Israeli prime minister Naftali Bennett, a former settler leader who took over from Binyamin Netanyahu in March, is less abrasive than his predecessor, whom Biden viewed with deep suspicion, but every bit as right-wing and nationalist. Photograph: Abir Sultan/Pool/AFP via Getty Images

 

Israel’s new prime minister, Naftali Bennett, hopes for what diplomats are calling a “reset” in the relations between Israel and the US in his first visit to president Joe Biden this week. And whatever emerges from their meeting will certainly be seen in that ambiguous, unambitious light. Both sides have already promised that their post-summit press conference will be low-key and uncontentious.

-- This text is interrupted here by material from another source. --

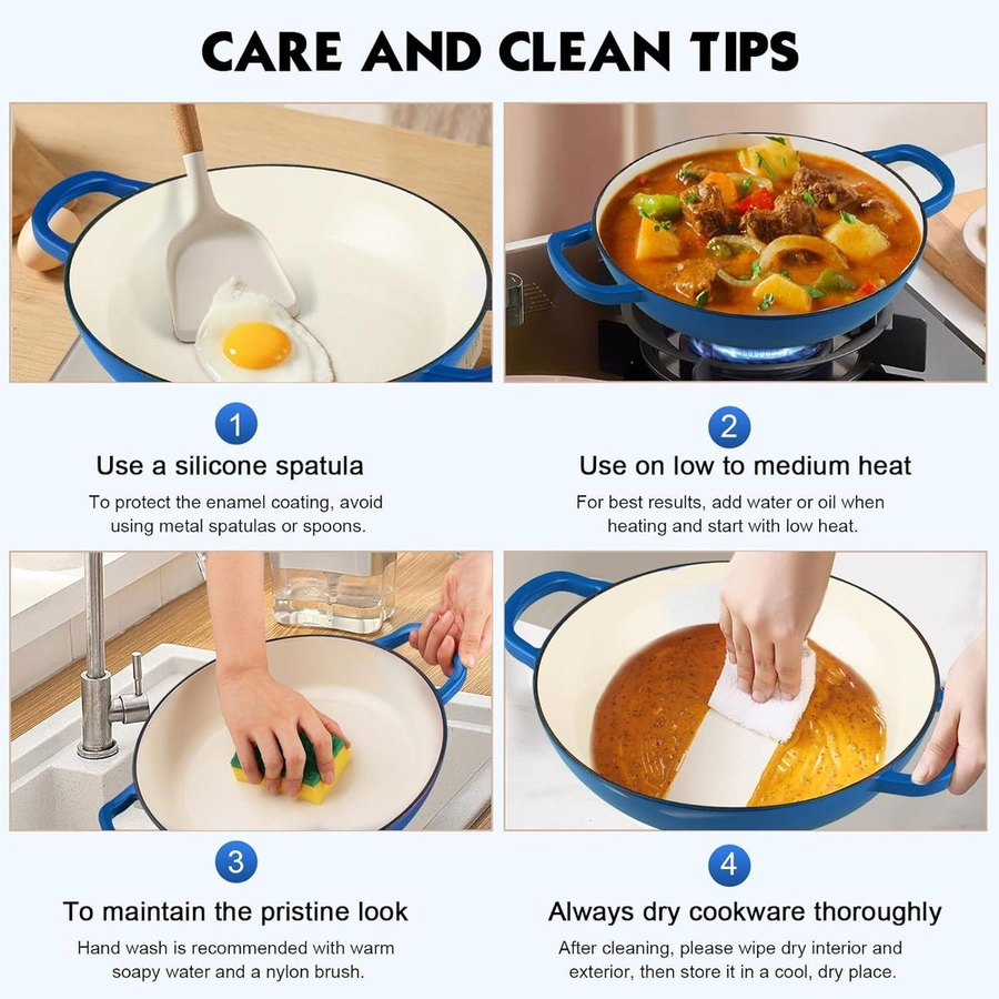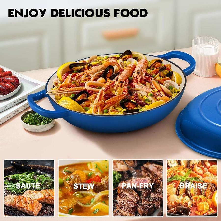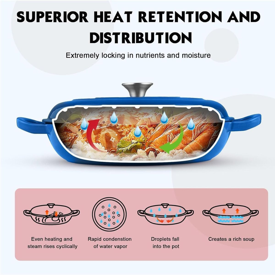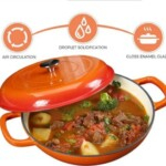 • Enameled Cast Iron Construction: Durable and rust-resistant with excellent heat retention.

Bennett, a former settler leader who took over from Binyamin Netanyahu in March, is less abrasive than his predecessor, whom Biden viewed with suspicion, but every bit as right wing and nationalist. He is adamant that whatever the international community may wish there is no prospect of reopening peace talks with the Palestinians and opposes the creation of a Palestinian state.

His agenda will reprise Netanyahu themes, notably the need for the US to continue Trump’s policy of blocking the Iranian nuclear deal, the Joint Comprehensive Plan of Action (JCPOA), and defence of Israel’s construction of what the world regards as illegal West Bank settlements as well as the blockade of Gaza. He has promised to expand settlements and insists that the blockade will remain as long as Hamas, which rules the territory, continues to arm itself and fire rockets at Israel.

Bennett knows that Biden, a self-proclaimed Zionist, has no appetite for an interventionist approach to the Middle East, although he has committed to reviving the JCPOA. And that he is likely to applaud Israel’s success in normalising its relations with some of its Arab neighbours.

Biden, obsessed with the strategic threat posed by China, will push Bennett, perhaps even with threats of retaliation, to abandon Israel’s co-operation with China, notably in the hi-tech sphere. The US is alarmed that China’s investment in Israel has exceeded $19 billion in the past 18 years. Bilateral trade reached $17.5 billion last year.

Domestic political constraints and the US’s preoccupation with its humiliating retreat from Afghanistan are more likely, however, to frame this first get-together as an amicable “reset” of relations.